The HTTP Load Generator tool can be run in two modes: As director and as load generator. The director mode starts the tool in a mode where it parses necessary profiles and scripts, connects to power measurement devices, and collects data. The load generator mode receives instructions from the director and generates the actual requests. The mode is set using command line switches, which means that at least two instances of the HTTP Load Generator must be running for a test, one in each mode. The HTTP Load Generator also supports multi-node load generation, where one director connects to multiple instances running in load generator mode.
Structure of this README:
- Features and Application Scenarios
- Getting Started with the Load Generator
- Creating Custom Request Profies
- Using Power Daemons
- All Command Line Switches
- Results
- Cite Us
The load generator has the following three primary features:
- Generation of loads with a varying load intensity (number of requests per second).
- Generation of loads with context sensitive requests that can be scripted to be dependent on previous responses.
- An infrastructure that allows for collection of power measurements from external measurement devices (optional).
The load generator can be used for testing of web applications regarding testing of energy efficiency, testing of scaling behavior over time, and testing of time-dependent scenarios, such as the effect of sudden bursts, seasonal variations in request patterns, trends, etc.
First build or download the httploadgenetor.jar. Deploy the httploadgenerator on two machines:
- The director machine (experiment controller): Usually your PC. This machine must have access to the load profile and request script to be run. In addition, this machine must be able to communicate with the power meters (optional, we are not using a power meter in this getting started section).
- The load generator machine: The machine that sends the network loads. Usually a quite powerful machine. No additional files, except for the jar itself, are required on this machine. You may also choose to use multiple load generation machines if you do not have a single machine with sufficient power or network capabilities.
In addition to the jar, you need a load intensity profile and a LUA script for generating the actual requests. We provide an example for each in the examplefiles directory:
- Example Load Intensity Profile: An example load intensity profile that runs for one minute. Its arrival rate increases for 30 seconds before decreasing again in a sinoid shape.

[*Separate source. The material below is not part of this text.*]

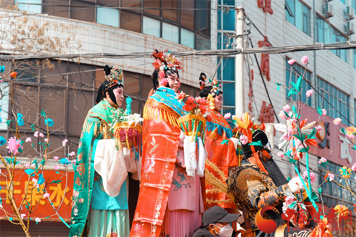 元宵佳節(jié)將至,甘肅莊浪縣群眾在豐富多彩的民俗活動(dòng)中感受祥和喜慶的節(jié)日氛圍,迎接元宵節(jié)的到來。2月2日,民間藝人在平?jīng)鍪星f浪縣表演莊浪社火。

- Example Minimal Request Generation LUA Script: A minimal example script for generating requests. Alternates between calls on index.html and index.htm. For a more complex example see here. This second scripts specifies calls for the Dell DVD Store. However, use the minimal script for now. It is far easier to run with almost any web application.
Download both files and place them on the director machine. For simplicity, we will assume that you place them in the same directory as the httploadgenerator.jar. You would now also modify the LUA script with calls for your web application. For the minimal example, just make sure that index.html and index.htm are accessible and enter the adress of your server hosting the web application in line 7 of the script.
Now, on the load generator machine start the HTTP Load Generator in load generator mode, using the following command line with the -l switch. If you use multiple load generator machines, do this on each of them:
$ java -jar httploadgenerator.jar loadgenerator
Next, on the director machine start the HTTP Load Generator in director mode:
$ java -jar httploadgenerator.jar director --ip IP_OF_THE_LOAD_GENERATOR_MACHINE --load curveArrivalRates.csv -o testlog.csv --lua http_calls_minimal.lua
The director call does the following:
director
starts the director mode.--ip
specifies the address of the load generator machine. For multiple load generators, use a comma delimiter (no white spaces!).--load
specifies the load intensity (arrival rate) profile.-o
specifies the name of the output log, containing the results.--lua
specifies the LUA script.
The director will now connect with the load generator, send the load intensity profile, script, and other settings. It will then prompt you to press enter to start the test. Once the test has concluded, the output log file will appear in the directory.
Since you don't always want to be running our example profiles, you can specify your own. We specify the load intensity (arrival rate) and the requests separately in separate files.
The easiest way of creating a load intensity profile is using the LIMBO tool. LIMBO is an Eclipse plugin for modeling arrival rates. You can model the arrival rates using a graphical editor and then export them to various formats. The HTTP Load Generator supports two of those formats:
- Simple Arrival Rate File (.txt)
- Simple Arrival Rate File (.csv)
To get files of this format, right click on a .dlim model's file in the Eclipse Package Explorer, then select Generate Time Stamps. A dialog with export options appears and our two supported options should be among them. In the following dialog, you get to pick the sampling interval, this is the interval at which LIMBO samples the arrival rate and is also the interval at which the HTTP Load Generator re-adjusts the arrival rate and reports results. It can be freely configured, but an interval of 1 is recommended.
If you do not wish to use LIMBO (you should, though) you can also speficy the arrival rates manually. The format of the file is a simple CSV format with the first column being the middle time stamp of each scheduling interval and the second column being the load intensity. Intervals must always have the same step (e.g. always increment by 1) and you may not skip any!
Example:
0.5,10
1.5,20
2.5,30
Note, that the time stamp is always the middle of the interval. Meaning that it is 0.5, 1.5, ... instead of 0, 1, ... This is for compatibility with LIMBO, where this design decision makes more sense. Again, intervals with a period of 1 second (0.5, 1.5, 2.5, ...) are recommended.
The requests are specified using a LUA script. We recommend modifying one of the examples, such as the minimal example or the Dell DVD Store example. The examples contain explanations in their code comments.
Two LUA functions in the script are called from by HTTP Load Generator:
- onCycle(): Is called at the beginning of each call cycle. No return value is expected. Initialize all global variables here. Note that math.random is already initialized using a fixed seed (5) for reproducibility.
- onCall(callnum): Is called for each HTTP request. Must return the URL to call. This function is called with an index for the call, starting at 1 (LUA convention). The index increases with each call and resets once onCall returns nil.
You can parse the HTTP response in the onCall function using regular expressions. We provide HTML helper functions (considering the response is usually html). Specifically, we offer:
- html.getMatches( regex ) : Returns all lines in the returned text stream that match a provided regex.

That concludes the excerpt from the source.